We can now conduct an analysis of each imputed dataset and look at how much the results vary between them. To do that, we need to fit a negative binomial regression to each imputed dataset. Negative binomial regression is implemented in all popular statistical software, but there are some particular challenges. Skip the next sub-section, if you are not interested in these particular points regarding negtive binomial regression using R.

#### 11.4.5.1 Negative binomial regression in R (optional subsection)

For example, the SAS/STATsoftware provides the `GENMOD`

procedure and for the Poisson random effects version the `COUNTREG`

procedure. Similarly, R has the `glm.nb`

function in the `MASS`

package.

These implementations differ in their parameterization. The `GENMOD`

procedure estimates \(\kappa\) and reverts to Poisson regression on the boundary of the parameter space when \(\hat{\kappa}=0\). The `glm.nb`

function parameterizes the model in terms of \(\theta:=1/\kappa\) and its algorithm will not converge to a finite estimate \(\hat{\theta}\) whenever the maximum likelihood estimator for \(\kappa\) is \(\hat{\kappa}=0\). However, after a sufficient number of iterations \(\hat{\theta}\) will be large enough that the estimates of the regression coefficients will be those we would obtain by Poisson regression — alternatively, we can use the results from Poisson regression in this case. This is implemented in the code below.
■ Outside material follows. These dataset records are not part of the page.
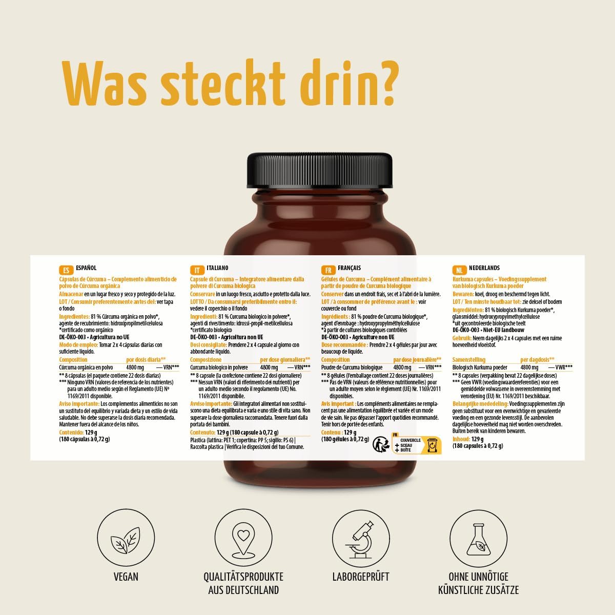 Les gélules de curcuma bio de Achterhof contiennent 4800 mg de poudre de curcuma par dose journalière, ce qui est assez impressionnant. Chaque capsule est fabriquée à partir de curcuma de qualité biologique, fraîchement moulue, ce qui garantit que vous obtenez le meilleur de ce que la nature a à offrir.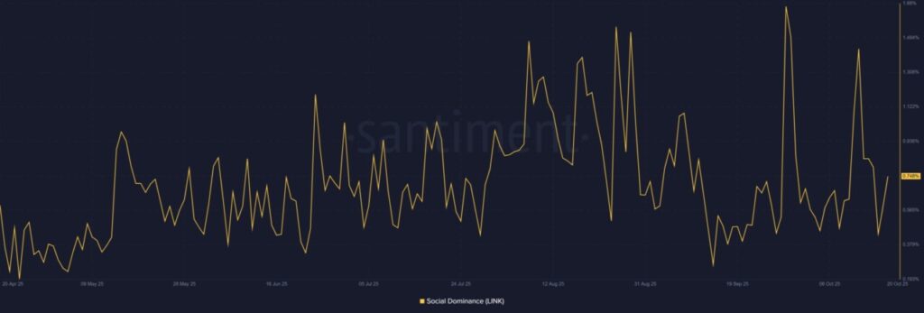 Data from Santiment shows that Chainlink’s social dominance has risen to 0.74%, signaling that market discussions regarding LINK are gradually increasing. This rise indicates a healthy resurgence of community interest, not just momentary hype. The rise in social dominance during the accumulation phase reinforces the bullish setup as awareness and engagement increase liquidity flow.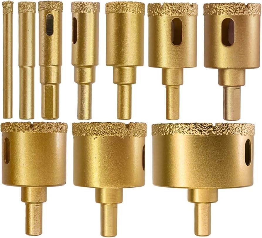 Le dimensioni più piccole, come 6 mm e 8 mm, sono perfette per forature di precisione su vetro o ceramica, mentre le misure maggiori, come 30 mm e 35 mm, possono essere utilizzate per forare materiali più spessi come il marmo o il granito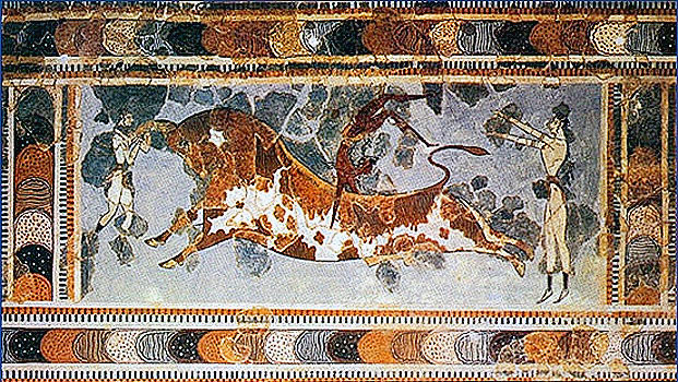 Фреска «Игры с быком». Около 1500 до н.э. Археологический музей. Ираклион. Крит.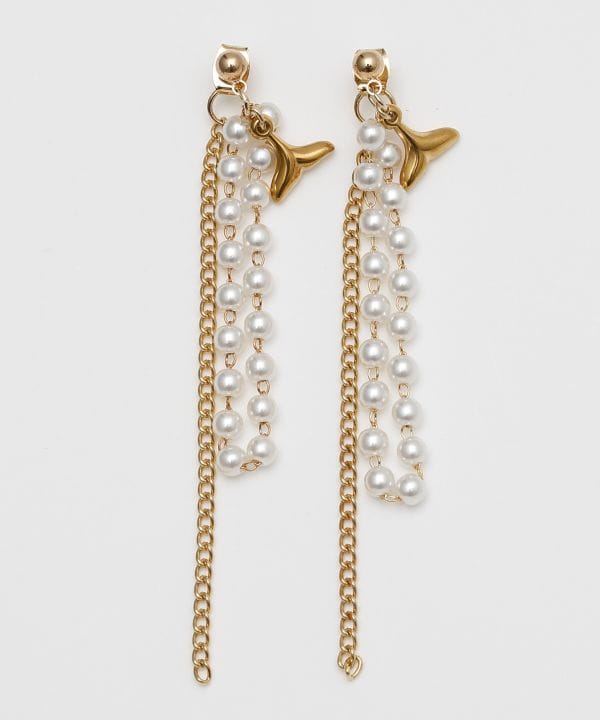 繊細なチェーンとホエールテールモチーフを組み合わせたロングピアス。動くたびに揺れるラインが美しく、耳元に海のきらめきを添えます。上品な輝きで、リゾートスタイルにもきれいめコーデにもなじむデザインです。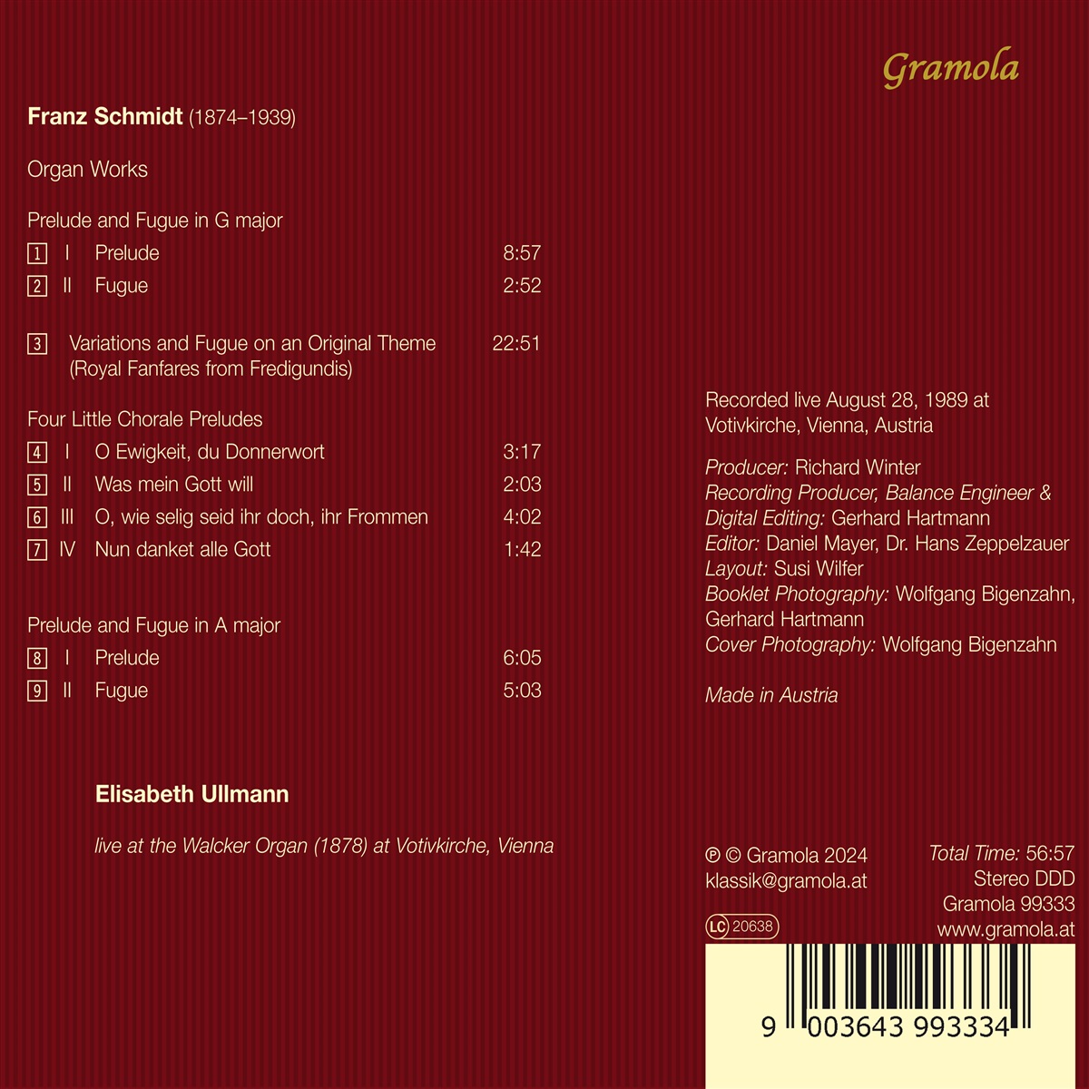 Franz Schmidt hatte bereits Anfang der 1920er Jahre mehrere groß angelegte Orgelwerke komponiert, denen kleinere Werke wie „Vier kleine Präludien und Fugen“ folgten. Das Präludium Nr. 3 in G-Dur entwickelt sich in einem ruhigen, heiteren Marschsatz, auf das Trio mit Solokantilene folgt der erste Teil da capo. Die dreiteilige Fuge mit obligatem Pedal erinnert an Johann Sebastian Bachs technisch anspruchsvolle „Sonaten für zwei Klaviere und Pedal“ BWV 525–530. Variationen und Fuge über ein eigenes Thema (Königliche Fanfaren aus Fredigundis) ist Franz Schmidts erstes Werk für Solo-Orgel. Der Zyklus Vier kleine Choralvorspiele über Melodien bekannter lutherischer Kirchenlieder wurde 1926 veröffentlicht. Präludium und Fuge in A-Dur entstand 1934 als vorletztes seiner Werke für Solo-Orgel.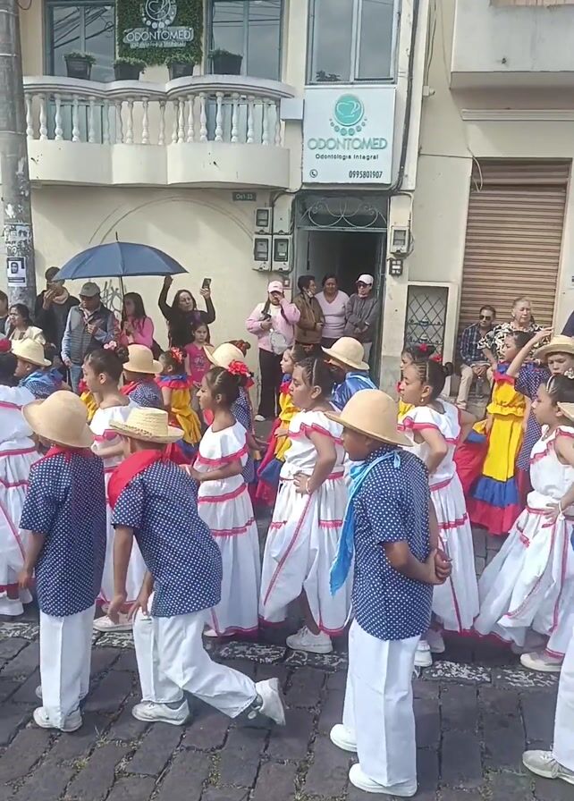 A group of young children, perhaps around eight years old, are kneeling or standing on a cobblestone street. Most of the girls wear white dresses with red and yellow accents, while most of the boys wear dark blue shirts with white polka dots and white pants. All wear hats. They appear to be performing a dance. Behind them and to the sides are a variety of adults watching, taking pictures, and generally observing. A building is in the background with a dental office called "Odontomed". There is some drizzle in the air.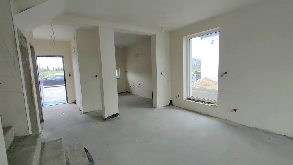 Das Grundstück misst ca. 350 m² und ist bereits von drei Seiten mit einem Zaun eingefasst. Vor dem Gebäude besteht die Möglichkeit zum Parken. Die bauliche Ausführung überzeugt mit sehr guten thermischen Eigenschaften, darunter moderne dreifachverglaste PVC-Fenster und eine fortschrittliche Bauweise mit wärmedämmendem Porenbeton. Zusätzlich sorgt eine Isolierschicht zwischen beiden Haushälften für optimalen Schallschutz. Im Erdgeschoss besteht die Möglichkeit zum Anschluss eines Kamins.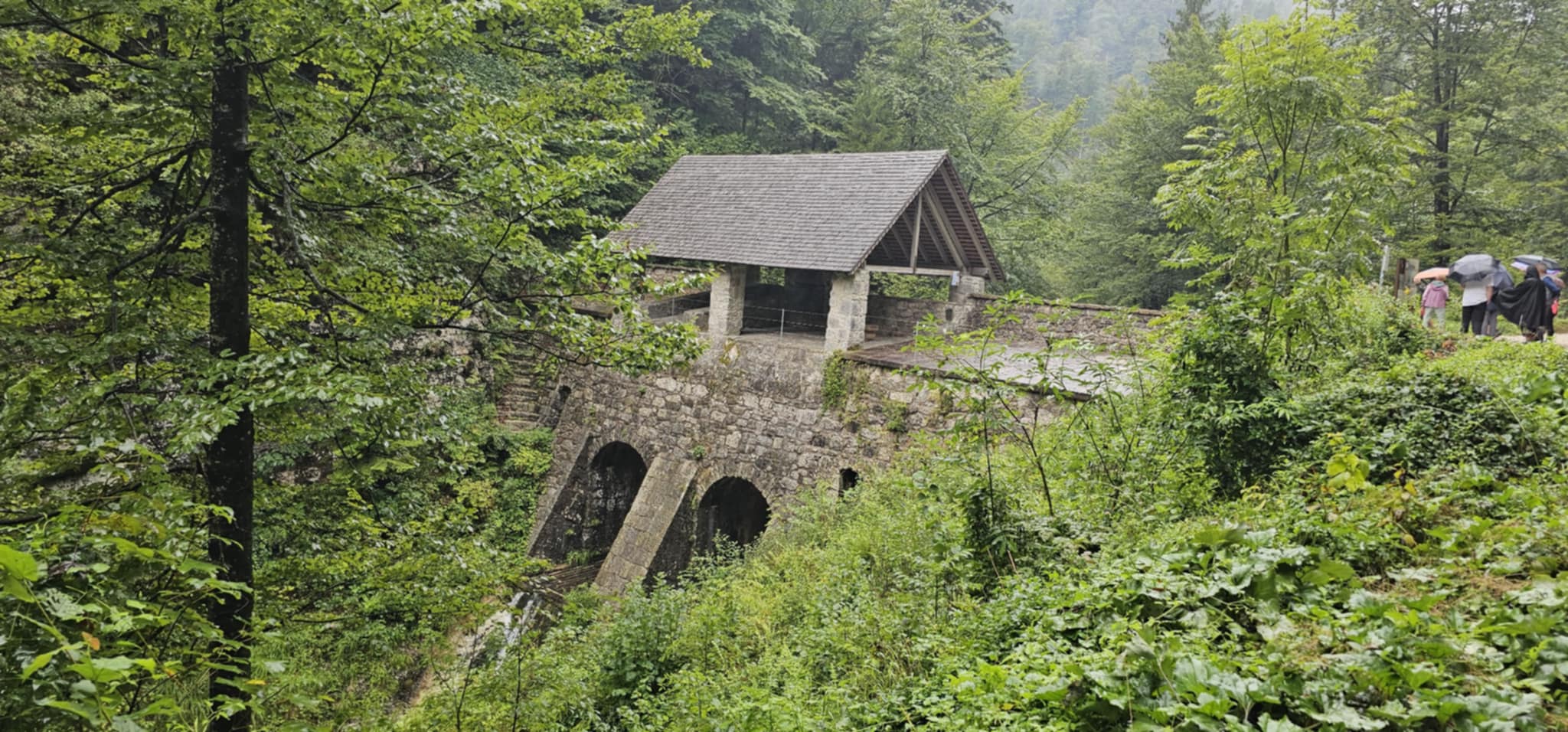 Ogledali smo si Klavže –vodne pregrade- pravijo jim tudi Slovenske piramide, ki so bile izdelane po načrtih domačina Jožefa Mraka že leta 1750 in so služile Idrijskemu rudniku kot pomoč za spravilo lesa po reki Belci in Idrijci. Les so ga potrebovali v rudniku. Vsi smo si težko predstavljali ta mehanizem splavljanja lesa, a nam je Jože to zelo plastično in slikovito prikazal.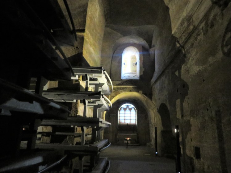 Then we entered the catacombs of the church, coming from the Greek “kata” (under) and “tumba” (tomb). Underground tombs.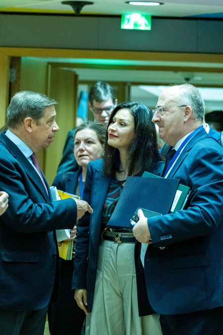 Luis PLANAS PUCHADES and Jose Manuel FERNANDES and Maria PANAYIOTOU at the meeting of the Minister of Agriculture and Fisheries of the European Union in the European Council in Brussels in Belgium on February 24 2025. Ministers discuss "rural proofing” for policies tailored to the needs of people living and working in rural areas as well as the market situation following the invasion of Ukraine.Luis PLANAS PUCHADES et PANAYIOTOU et Jose Manuel FERNANDES a la reunion de ministre de l agriculture et de la peche de l Union Europeenne au Conseil Europeen a Bruxelles en Belgique le 24 Fevrier 2025. Les ministres discutent de la « rural proofing » pour des politiques adaptees aux besoins des populations vivant et travaillant en milieu rural et egalement de la situation du marche apres l invasion de l Ukraine., Credit:Martin Bertrand / Avalon
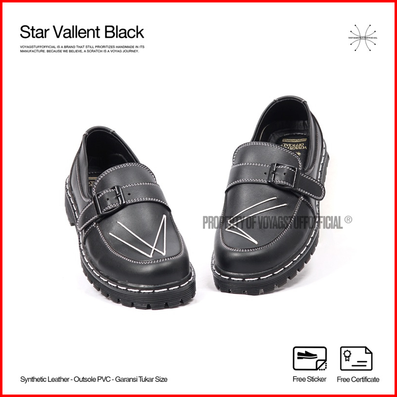 Voyagstuffofficial - Sepatu Penny Loafers Star Vallent Kulit Pria Black

Instead of the preferable observed Fisher information used in the `GENMOD`

procedure, the `glm.nb`

function uses the expected Fisher information for the standard errors of the regression coefficients — while the standard error for \(\hat{\theta}\) is based on the observed rather than the expected Fisher information — as of version 7.3-47 of the `MASS`

package. Especially for small samples sizes this may result in too small standard errors. Thus, they should — especially for confirmatory clinical trials — be corrected, which is easily done using code provded by Bartlett.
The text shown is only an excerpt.